The large and well-characterized ALSPAC cohort allowed us to test complex models of developmental cascades to substance use progression. However, these findings are quite limited in generalizability, given the homogeneity and relative privilege of sample, especially of those who continued through the end of the study. Our sample consists of White European youth, and the findings presented here likely are culturally specific to that group, especially given race/ethnic differences in discipline practices (Silveira et al. 2021) and evidence that harsh discipline is not linked to externalizing problems in race/ethnic minority groups as strongly as in White samples (Lansford 2010). Indeed, there is evidence of race/ethnic differences in other developmental cascades—namely pathways from genetic and/or prenatal risk through cortisol reactivity for externalizing and substance use have been found in Black (Buckingham-Howes et al. 2016; Conradt et al. 2014) but not White adolescents (Marceau et al. 2020a). It is critical to identify and test the appropriate developmental cascades within underrepresented groups to move our field forward.

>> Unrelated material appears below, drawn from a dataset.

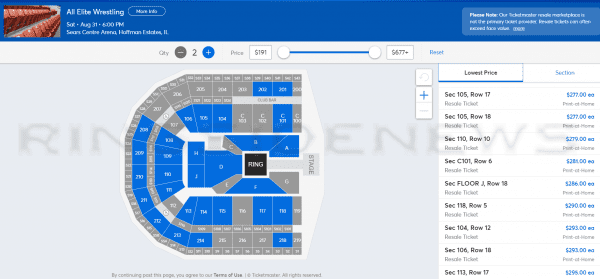 However, there are now a few tickets that were apparently just recently released for All Out. They aren’t cheap, but there are currently 246 tickets that have opened up around the Seats Centre as of this writing.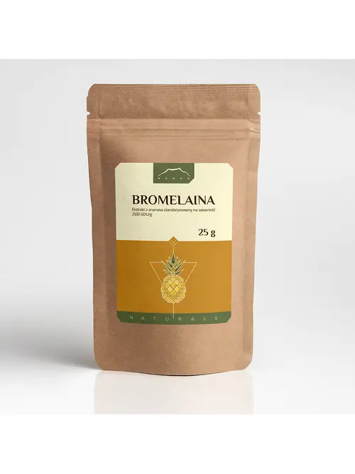 Nanga Bromelaina 25g - bromelaina to mieszanina enzymów proteolitycznych (trawiących białko) znajdująca się w dużych ilościach owocu i łodydze ananasa. Wytwarzanie enzymów zdolnych do trawienia białka jest strategią obronną. Ma to na celu ochronę rośliny m.in. przed rozwijaniem się larw owadów dla których bromelaina jest toksyczna.

Further, although we included several theoretically important factors in our developmental cascade models, other influences are also important to consider, including peer influences. Similarly, our cascade models are also over-simplified in terms of processes, examining only snapshots on the longest timescale of child and adolescent development. For example, our inclusion of a single measure of parental harsh discipline and a single measure of severity and directionality years later grossly over-simplifies the complex transactional associations expected at shorter timescales (e.g., over the course of conversations which accumulate and canalize into habitual patterns across development; Lougheed 2020). And, that measure of harsh discipline reflected the combination of two items, only one of which has face validity as a measure of harsh discipline. Sensitivity analyses (available upon author request) found that the present analyses do likely represent harsh discipline, although use of more nuanced measures will be important for future work. Another methodological limitation is that ALSPAC was included in the GWAS from which the PRS was formed, which may have slightly inflated results of the PRS (see Horvath et al. 2020). Finally, our pathway-based cascade model does not incorporate contextual influences (i.e., moderators) that are known to be important for the development of substance use. Despite these limitations, our models provide a valuable perspective on adolescent substance use development.

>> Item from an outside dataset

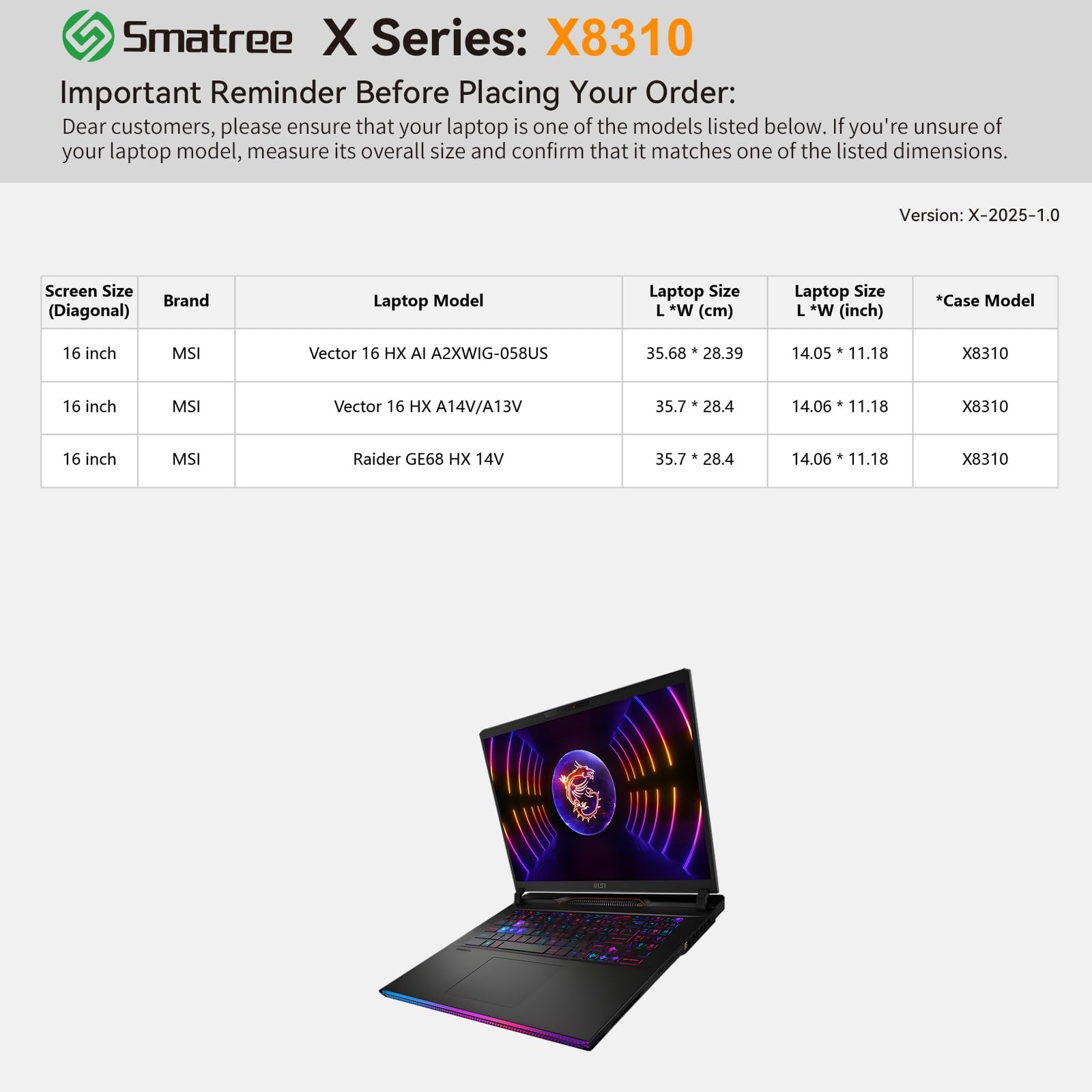 Compatibility: designed to perfectly fit for 16 inch MSI Raider GE68 HX 14V laptop; 16 inch MSI Vector 16 HX A14V/A13V laptop; 16 inch MSI Vector A16 HX

Conclusions and future directions

Using an alternative measurement strategy for examining externalizing/internalizing symptom comorbidity, the present study most strongly supported developmental cascades involving differentiation towards externalizing problems and total symptom severity as intermediaries between associations of parental harsh discipline with substance use progressions for girls and boys. Our findings make three main novel contributions to the literature. First, the strongest role of internalizing problems was to increase risk of substance use via comorbidity with externalizing problems, adding to general symptom severity, especially for less normative substances. There was very limited evidence of protective effects of relatively pure internalizing and only for the normative outcome: alcohol use. Second, the presence of more and stronger effects of directionality than severity suggest that the mechanism of action of the diverse predictors examined here in terms of risk for adolescent substance use is more due to pushing youth towards a specific type of (externalizing) behavior than generally increasing the level of problems. Finally, there was support of developmental cascades from more severe exposure to prenatal substance use to adolescent substance use progression specifically for boys, whereas for girls the associations were direct. Considering that many studies earlier in childhood find that prenatal risks may disproportionately affect males, and specifically link to externalizing problems, our findings provide suggest that prenatal effects for girls may operate through other pathways and/or may surface later in development—a new hypothesis in need of interrogation.